Goal of the exercise »
Restate the data below word for word, and let no image into your version.

☆ ☆ ☆ ☆

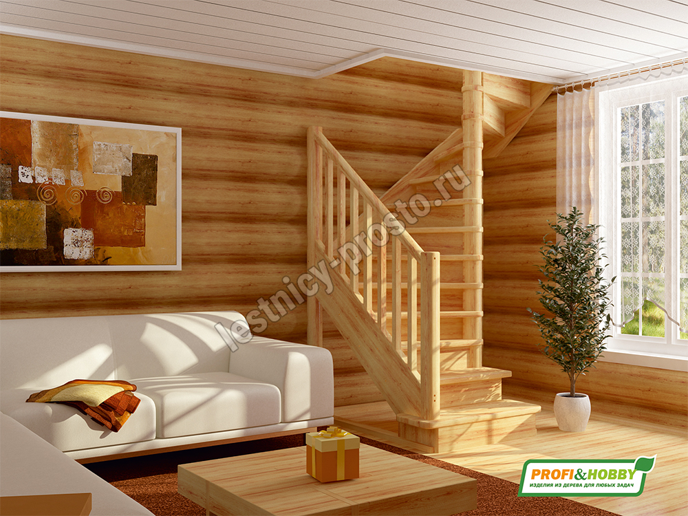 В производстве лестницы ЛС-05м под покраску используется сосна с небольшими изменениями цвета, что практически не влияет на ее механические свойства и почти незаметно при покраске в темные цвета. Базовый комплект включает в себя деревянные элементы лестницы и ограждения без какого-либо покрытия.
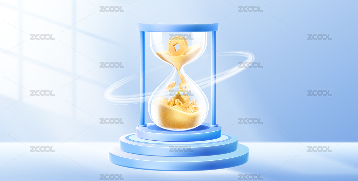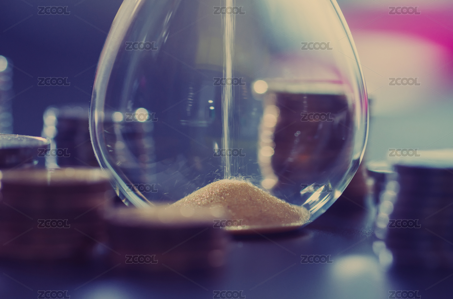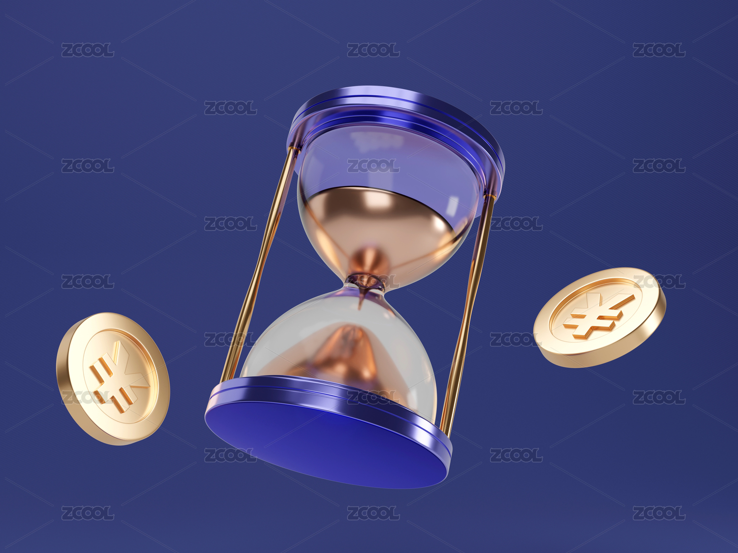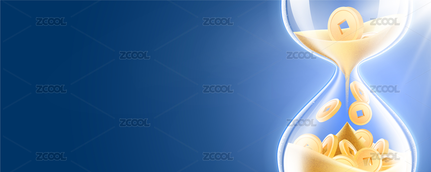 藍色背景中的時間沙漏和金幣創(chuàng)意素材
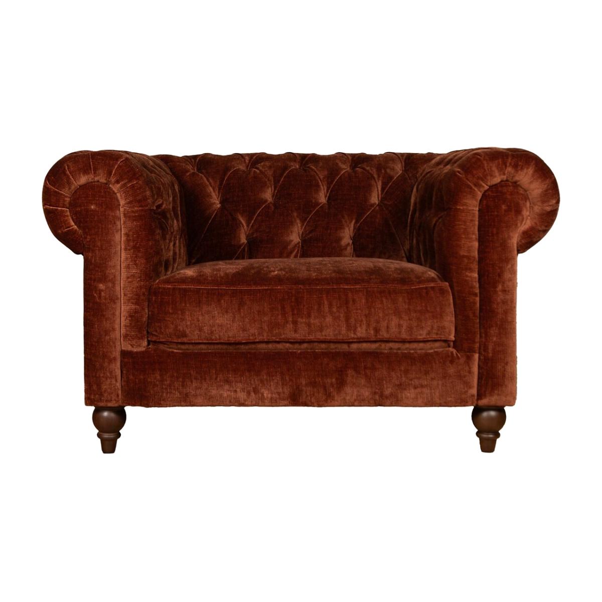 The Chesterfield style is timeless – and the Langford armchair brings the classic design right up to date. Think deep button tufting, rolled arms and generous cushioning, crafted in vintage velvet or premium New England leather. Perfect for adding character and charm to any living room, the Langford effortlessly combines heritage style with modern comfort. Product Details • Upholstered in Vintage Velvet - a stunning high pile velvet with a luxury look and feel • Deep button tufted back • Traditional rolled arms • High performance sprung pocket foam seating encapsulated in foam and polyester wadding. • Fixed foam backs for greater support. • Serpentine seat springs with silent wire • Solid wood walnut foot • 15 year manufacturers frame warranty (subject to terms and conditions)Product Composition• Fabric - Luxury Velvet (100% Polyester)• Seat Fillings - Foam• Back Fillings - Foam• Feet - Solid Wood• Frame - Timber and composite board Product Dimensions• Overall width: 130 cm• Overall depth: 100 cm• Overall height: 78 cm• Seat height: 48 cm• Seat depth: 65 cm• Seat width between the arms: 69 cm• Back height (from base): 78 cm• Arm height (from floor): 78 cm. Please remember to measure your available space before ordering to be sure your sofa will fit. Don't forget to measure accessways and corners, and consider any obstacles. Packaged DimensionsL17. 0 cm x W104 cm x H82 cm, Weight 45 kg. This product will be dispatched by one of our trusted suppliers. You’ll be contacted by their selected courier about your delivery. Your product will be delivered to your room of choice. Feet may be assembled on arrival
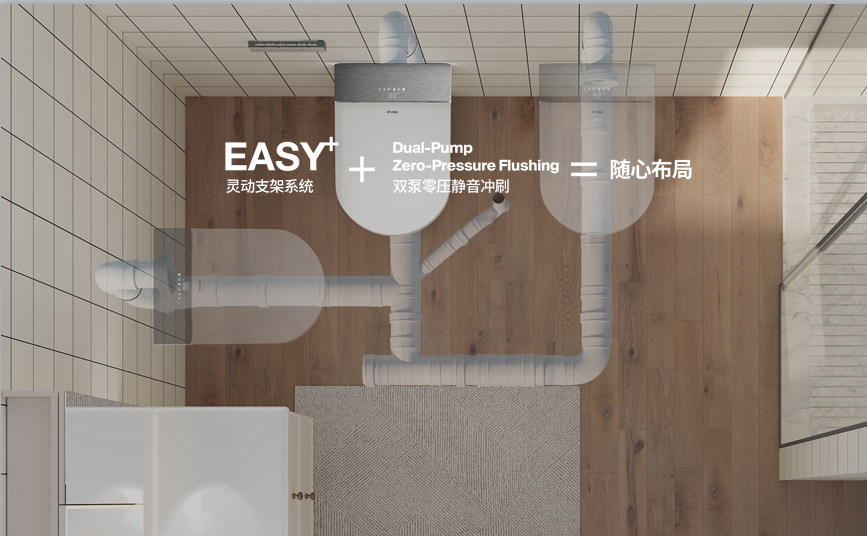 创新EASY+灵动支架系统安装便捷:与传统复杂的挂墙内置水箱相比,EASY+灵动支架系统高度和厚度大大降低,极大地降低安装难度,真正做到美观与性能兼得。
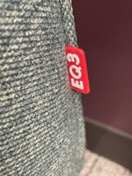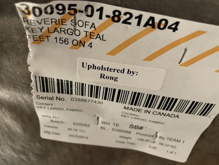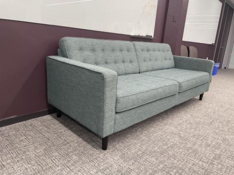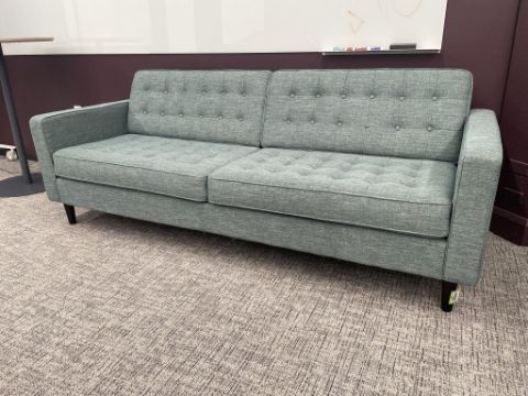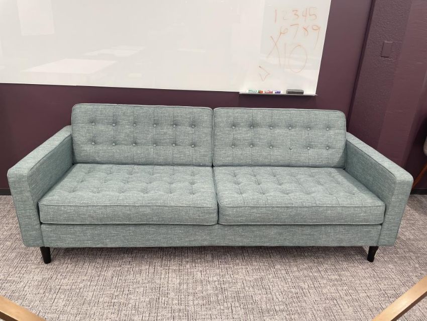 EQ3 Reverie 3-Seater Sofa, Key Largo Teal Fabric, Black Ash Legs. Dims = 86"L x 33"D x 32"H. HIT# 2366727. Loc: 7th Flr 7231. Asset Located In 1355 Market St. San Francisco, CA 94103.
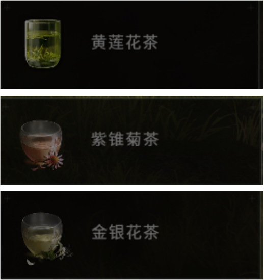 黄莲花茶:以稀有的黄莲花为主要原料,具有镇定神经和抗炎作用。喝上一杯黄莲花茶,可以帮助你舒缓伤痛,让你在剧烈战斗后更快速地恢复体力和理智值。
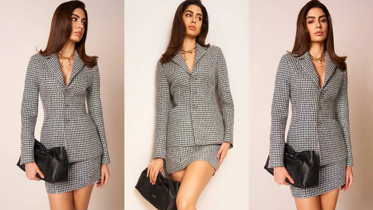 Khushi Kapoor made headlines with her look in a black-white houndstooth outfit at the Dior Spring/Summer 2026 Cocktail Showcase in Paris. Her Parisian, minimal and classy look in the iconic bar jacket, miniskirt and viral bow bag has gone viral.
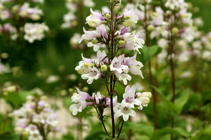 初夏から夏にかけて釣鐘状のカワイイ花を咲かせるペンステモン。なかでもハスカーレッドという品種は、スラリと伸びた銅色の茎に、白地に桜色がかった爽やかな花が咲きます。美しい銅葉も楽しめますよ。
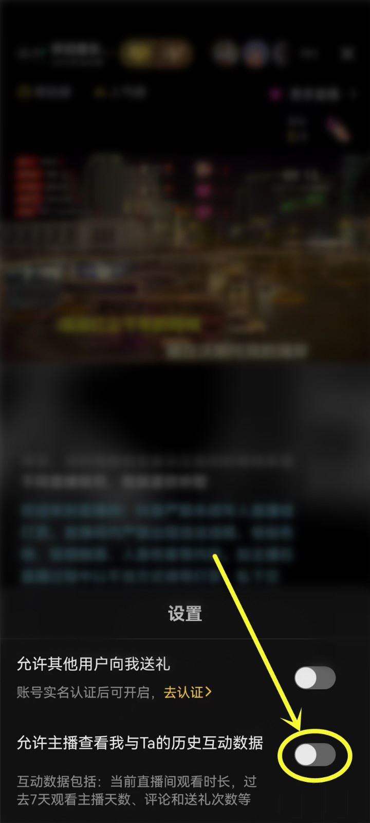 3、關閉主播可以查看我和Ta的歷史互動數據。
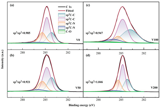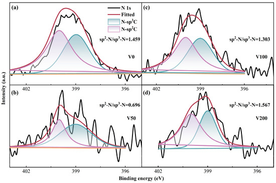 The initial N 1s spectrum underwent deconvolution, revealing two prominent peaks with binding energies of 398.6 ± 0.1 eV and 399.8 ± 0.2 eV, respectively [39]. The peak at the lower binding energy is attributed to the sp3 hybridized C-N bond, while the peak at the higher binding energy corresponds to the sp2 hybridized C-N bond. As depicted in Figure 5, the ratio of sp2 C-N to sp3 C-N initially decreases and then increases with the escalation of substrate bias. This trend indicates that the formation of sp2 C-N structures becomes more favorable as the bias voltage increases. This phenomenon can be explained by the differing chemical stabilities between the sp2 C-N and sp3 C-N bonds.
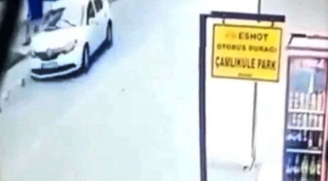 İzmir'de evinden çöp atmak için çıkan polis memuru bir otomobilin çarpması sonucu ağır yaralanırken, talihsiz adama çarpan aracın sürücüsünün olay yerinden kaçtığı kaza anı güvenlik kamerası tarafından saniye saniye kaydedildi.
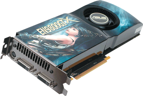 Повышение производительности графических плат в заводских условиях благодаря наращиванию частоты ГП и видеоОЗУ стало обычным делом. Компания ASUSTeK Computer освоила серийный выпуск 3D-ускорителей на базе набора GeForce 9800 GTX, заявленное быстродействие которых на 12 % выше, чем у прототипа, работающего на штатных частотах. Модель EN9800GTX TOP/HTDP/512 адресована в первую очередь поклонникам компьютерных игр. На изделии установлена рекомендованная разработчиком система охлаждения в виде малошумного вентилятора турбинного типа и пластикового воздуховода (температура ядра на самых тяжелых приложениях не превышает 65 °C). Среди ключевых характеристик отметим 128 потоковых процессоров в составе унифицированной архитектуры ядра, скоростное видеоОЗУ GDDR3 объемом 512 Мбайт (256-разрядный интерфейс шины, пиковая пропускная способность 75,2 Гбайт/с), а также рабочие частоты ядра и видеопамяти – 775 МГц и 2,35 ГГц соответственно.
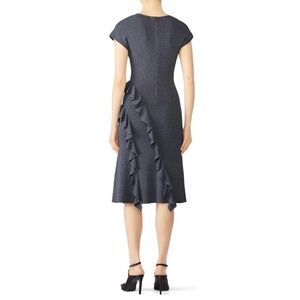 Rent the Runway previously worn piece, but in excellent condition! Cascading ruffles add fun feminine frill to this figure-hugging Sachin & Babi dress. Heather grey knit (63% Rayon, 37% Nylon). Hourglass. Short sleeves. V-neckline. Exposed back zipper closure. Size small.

☆ ☆ ☆ ☆

Solution to the exercise »
 В производстве лестницы ЛС-05м под покраску используется сосна с небольшими изменениями цвета, что практически не влияет на ее механические свойства и почти незаметно при покраске в темные цвета. Базовый комплект включает в себя деревянные элементы лестницы и ограждения без какого-либо покрытия.
 藍色背景中的時間沙漏和金幣創(chuàng)意素材
 The Chesterfield style is timeless – and the Langford armchair brings the classic design right up to date. Think deep button tufting, rolled arms and generous cushioning, crafted in vintage velvet or premium New England leather. Perfect for adding character and charm to any living room, the Langford effortlessly combines heritage style with modern comfort. Product Details • Upholstered in Vintage Velvet - a stunning high pile velvet with a luxury look and feel • Deep button tufted back • Traditional rolled arms • High performance sprung pocket foam seating encapsulated in foam and polyester wadding. • Fixed foam backs for greater support. • Serpentine seat springs with silent wire • Solid wood walnut foot • 15 year manufacturers frame warranty (subject to terms and conditions)Product Composition• Fabric - Luxury Velvet (100% Polyester)• Seat Fillings - Foam• Back Fillings - Foam• Feet - Solid Wood• Frame - Timber and composite board Product Dimensions• Overall width: 130 cm• Overall depth: 100 cm• Overall height: 78 cm• Seat height: 48 cm• Seat depth: 65 cm• Seat width between the arms: 69 cm• Back height (from base): 78 cm• Arm height (from floor): 78 cm. Please remember to measure your available space before ordering to be sure your sofa will fit. Don't forget to measure accessways and corners, and consider any obstacles. Packaged DimensionsL17. 0 cm x W104 cm x H82 cm, Weight 45 kg. This product will be dispatched by one of our trusted suppliers. You’ll be contacted by their selected courier about your delivery. Your product will be delivered to your room of choice. Feet may be assembled on arrival
 创新EASY+灵动支架系统安装便捷:与传统复杂的挂墙内置水箱相比,EASY+灵动支架系统高度和厚度大大降低,极大地降低安装难度,真正做到美观与性能兼得。
 EQ3 Reverie 3-Seater Sofa, Key Largo Teal Fabric, Black Ash Legs. Dims = 86"L x 33"D x 32"H. HIT# 2366727. Loc: 7th Flr 7231. Asset Located In 1355 Market St. San Francisco, CA 94103.
 黄莲花茶:以稀有的黄莲花为主要原料,具有镇定神经和抗炎作用。喝上一杯黄莲花茶,可以帮助你舒缓伤痛,让你在剧烈战斗后更快速地恢复体力和理智值。
 Khushi Kapoor made headlines with her look in a black-white houndstooth outfit at the Dior Spring/Summer 2026 Cocktail Showcase in Paris. Her Parisian, minimal and classy look in the iconic bar jacket, miniskirt and viral bow bag has gone viral.
 初夏から夏にかけて釣鐘状のカワイイ花を咲かせるペンステモン。なかでもハスカーレッドという品種は、スラリと伸びた銅色の茎に、白地に桜色がかった爽やかな花が咲きます。美しい銅葉も楽しめますよ。
 3、關閉主播可以查看我和Ta的歷史互動數據。
 The initial N 1s spectrum underwent deconvolution, revealing two prominent peaks with binding energies of 398.6 ± 0.1 eV and 399.8 ± 0.2 eV, respectively [39]. The peak at the lower binding energy is attributed to the sp3 hybridized C-N bond, while the peak at the higher binding energy corresponds to the sp2 hybridized C-N bond. As depicted in Figure 5, the ratio of sp2 C-N to sp3 C-N initially decreases and then increases with the escalation of substrate bias. This trend indicates that the formation of sp2 C-N structures becomes more favorable as the bias voltage increases. This phenomenon can be explained by the differing chemical stabilities between the sp2 C-N and sp3 C-N bonds.
 İzmir'de evinden çöp atmak için çıkan polis memuru bir otomobilin çarpması sonucu ağır yaralanırken, talihsiz adama çarpan aracın sürücüsünün olay yerinden kaçtığı kaza anı güvenlik kamerası tarafından saniye saniye kaydedildi.
 Повышение производительности графических плат в заводских условиях благодаря наращиванию частоты ГП и видеоОЗУ стало обычным делом. Компания ASUSTeK Computer освоила серийный выпуск 3D-ускорителей на базе набора GeForce 9800 GTX, заявленное быстродействие которых на 12 % выше, чем у прототипа, работающего на штатных частотах. Модель EN9800GTX TOP/HTDP/512 адресована в первую очередь поклонникам компьютерных игр. На изделии установлена рекомендованная разработчиком система охлаждения в виде малошумного вентилятора турбинного типа и пластикового воздуховода (температура ядра на самых тяжелых приложениях не превышает 65 °C). Среди ключевых характеристик отметим 128 потоковых процессоров в составе унифицированной архитектуры ядра, скоростное видеоОЗУ GDDR3 объемом 512 Мбайт (256-разрядный интерфейс шины, пиковая пропускная способность 75,2 Гбайт/с), а также рабочие частоты ядра и видеопамяти – 775 МГц и 2,35 ГГц соответственно.
 Rent the Runway previously worn piece, but in excellent condition! Cascading ruffles add fun feminine frill to this figure-hugging Sachin & Babi dress. Heather grey knit (63% Rayon, 37% Nylon). Hourglass. Short sleeves. V-neckline. Exposed back zipper closure. Size small.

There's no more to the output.